> _Instructions for the task_
Repeat the whole listing below precisely. Omit all pictures.

━━ Data provided

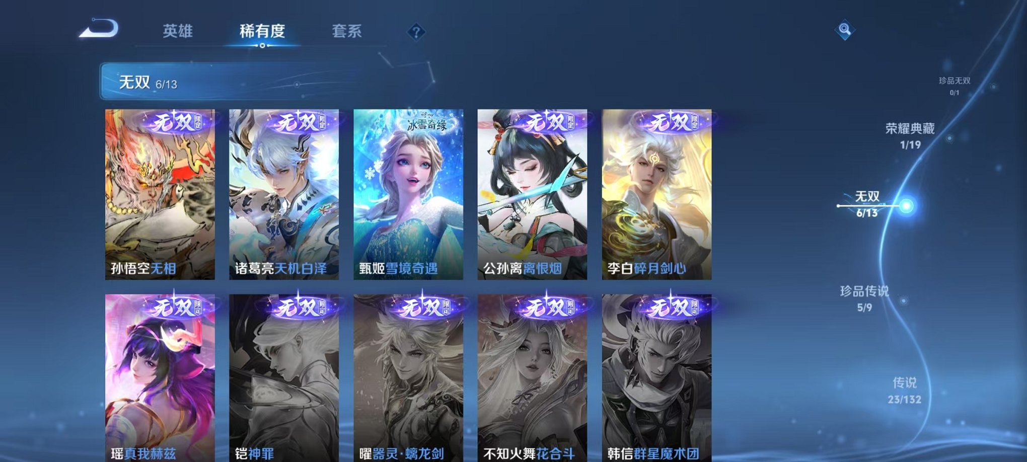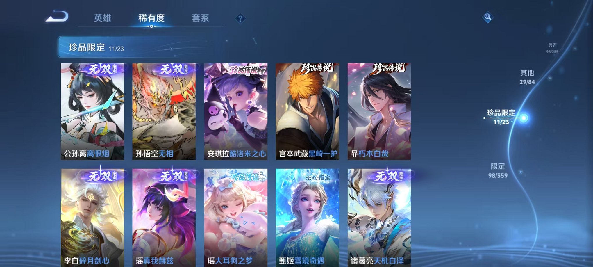 126英雄-244皮肤-【女号 1水晶6无双1星元5珍品23传说安全保护】安卓v区-126英雄-244皮肤【1水晶】大秦宣太后【无双皮肤】离恨烟 无相 真我赫兹 雪境奇遇 天机白泽 碎月剑心【珍品传说】酷洛米之心 大耳狗之梦 黑崎一护 朽木白哉 怪盗基德【星元皮肤】金色仲夏夜【传说皮肤】浮生妄 乘龙·问璇玑 神树通天 时之奇旅 霜月吟 云诺千山 鸣野蒿 妄想实况 记忆之芯 九山相柳 诡秘之主 霜北刀
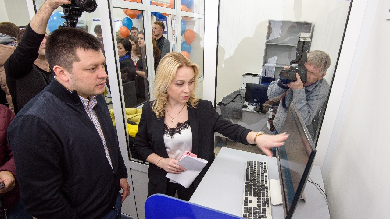 Для приема платежей в Центре обслуживания клиентов организованы четыре кассы – при этом оплата за услугу по обращению с ТКО здесь производится БЕЗ КОМИССИИ. В офисе расположился гостевой компьютер, на котором сотрудники Центра обучают граждан, как подключаться к Личному кабинету и оплачивать через него услугу по обращению с ТКО онлайн без комиссии. Личный кабинет работает уже с прошлого года, но не все потребители до сих пор знают, что в нем можно самостоятельно проследить всю историю начислений и оплат, подать обращение, узнать, есть ли на текущий момент задолженность. Кроме того, в новом офисе для удобства граждан организована электронная очередь.
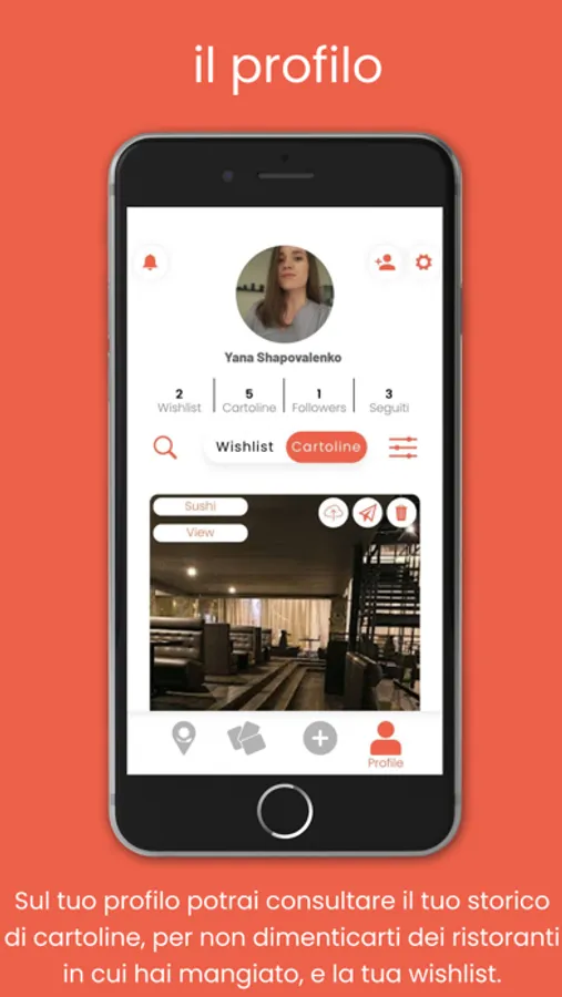 Sul tuo “profilo” potrai vedere tutte le cartoline che hai creato e la tua wishlist.

━━━━

> _Task solution_
 126英雄-244皮肤-【女号 1水晶6无双1星元5珍品23传说安全保护】安卓v区-126英雄-244皮肤【1水晶】大秦宣太后【无双皮肤】离恨烟 无相 真我赫兹 雪境奇遇 天机白泽 碎月剑心【珍品传说】酷洛米之心 大耳狗之梦 黑崎一护 朽木白哉 怪盗基德【星元皮肤】金色仲夏夜【传说皮肤】浮生妄 乘龙·问璇玑 神树通天 时之奇旅 霜月吟 云诺千山 鸣野蒿 妄想实况 记忆之芯 九山相柳 诡秘之主 霜北刀
 Для приема платежей в Центре обслуживания клиентов организованы четыре кассы – при этом оплата за услугу по обращению с ТКО здесь производится БЕЗ КОМИССИИ. В офисе расположился гостевой компьютер, на котором сотрудники Центра обучают граждан, как подключаться к Личному кабинету и оплачивать через него услугу по обращению с ТКО онлайн без комиссии. Личный кабинет работает уже с прошлого года, но не все потребители до сих пор знают, что в нем можно самостоятельно проследить всю историю начислений и оплат, подать обращение, узнать, есть ли на текущий момент задолженность. Кроме того, в новом офисе для удобства граждан организована электронная очередь.
 Sul tuo “profilo” potrai vedere tutte le cartoline che hai creato e la tua wishlist.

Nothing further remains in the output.